Building a lossless Kafka Producer

Pavan Yekbote
Hevo Data Engineering
3 min readMar 8, 2021

Hevo is a no-code data pipeline as a service. Customers across various geographical regions rely extensively on Hevo to move their data across different data stores. As a result, maintaining data integrity and low latency of transfer becomes crucial. Hevo relies on Apache Kafka as a message queue. Kafka is an open-source streaming platform that is fast, scalable, durable, and fault-tolerant.

Kafka and Data Integrity at a large scale: What is the challenge?

Kafka works by persisting published messages onto a broker and having subscribers read and derive their own representations of data. Kafka provides a producer (publisher) and a consumer (subscriber) library to implement the same. Since all messages that are written to the broker are persisted onto the disk, there is no loss of data due to an application crash, broker crash, etc. However, when you write to Kafka via the producer thread, the messages are first written to an in-memory buffer and a Kafka sender thread is responsible for reading these messages from the buffer and reliably syncing those to the broker. Therefore, there is a brief period of time where messages haven’t been synced to the disk, meaning any failure that can cause this buffer to lose its content can result in a loss of data.

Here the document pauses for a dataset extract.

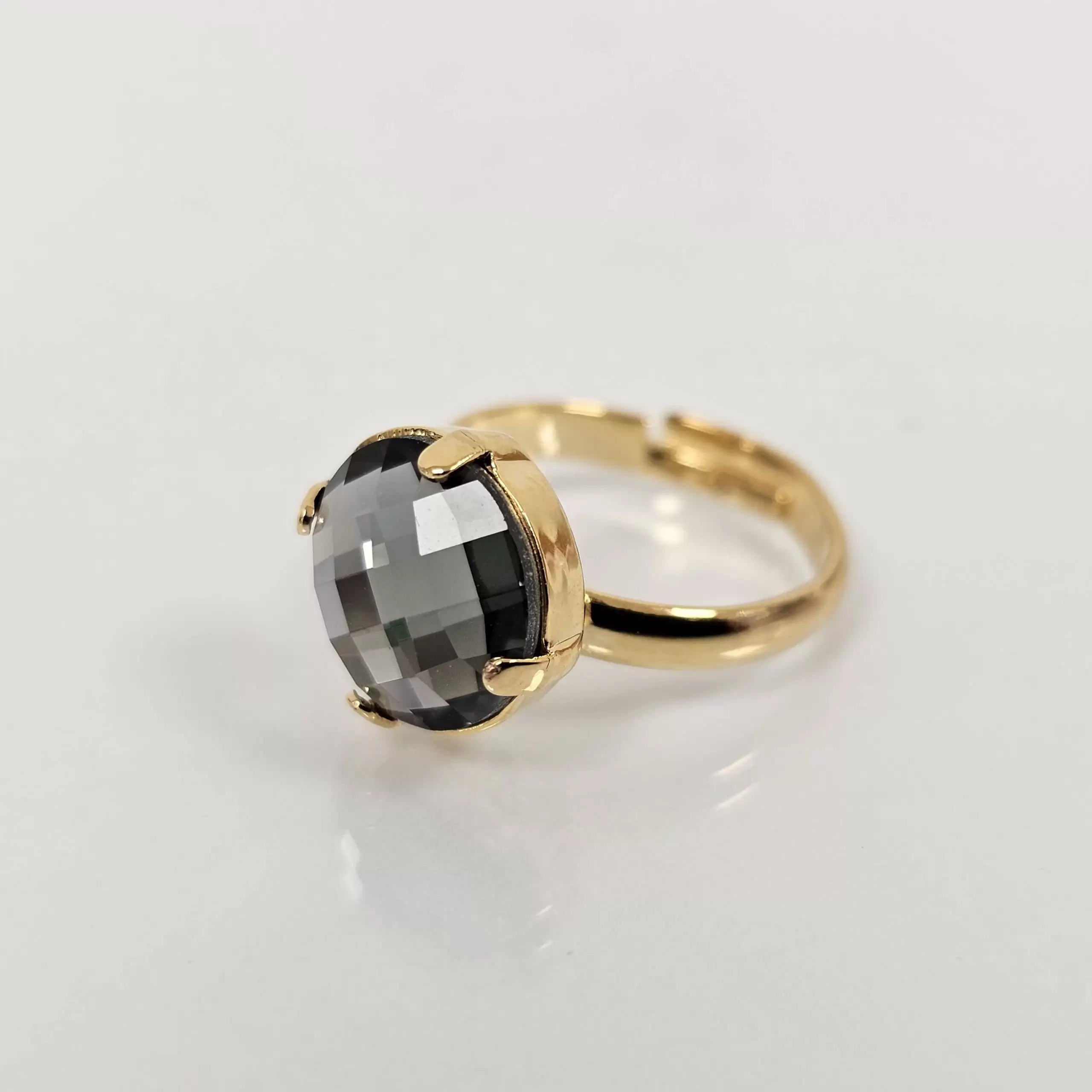 טבעת נפתחת מאחור, מתכווננת לכל מידה. קוטר האבן 1 ס”מ.

In order to tackle this problem, client applications can choose to wait for the messages to be synced before proceeding with the next steps, and in case of failures, republish the same message. However, in applications such as Hevo that work at a large scale and require sub-millisecond latencies this operation becomes very expensive due to the wait time associated with each message.

How did Hevo tackle this problem?

Kafka provides callbacks when messages are finally synced i.e. persisted to the broker. Hevo writes messages to a local memory mapped write-ahead log before publishing messages to Kafka while periodically checkpointing message offsets on the basis of failure or success callbacks. Messages that have been successfully synced are periodically discarded from the local write-ahead log. In the case of non-graceful shutdowns, Hevo will recover potentially lost messages by republishing messages written to the local write-ahead log from the latest committed checkpoint. In case of failure callbacks, the records will be pushed to a queue and republished periodically.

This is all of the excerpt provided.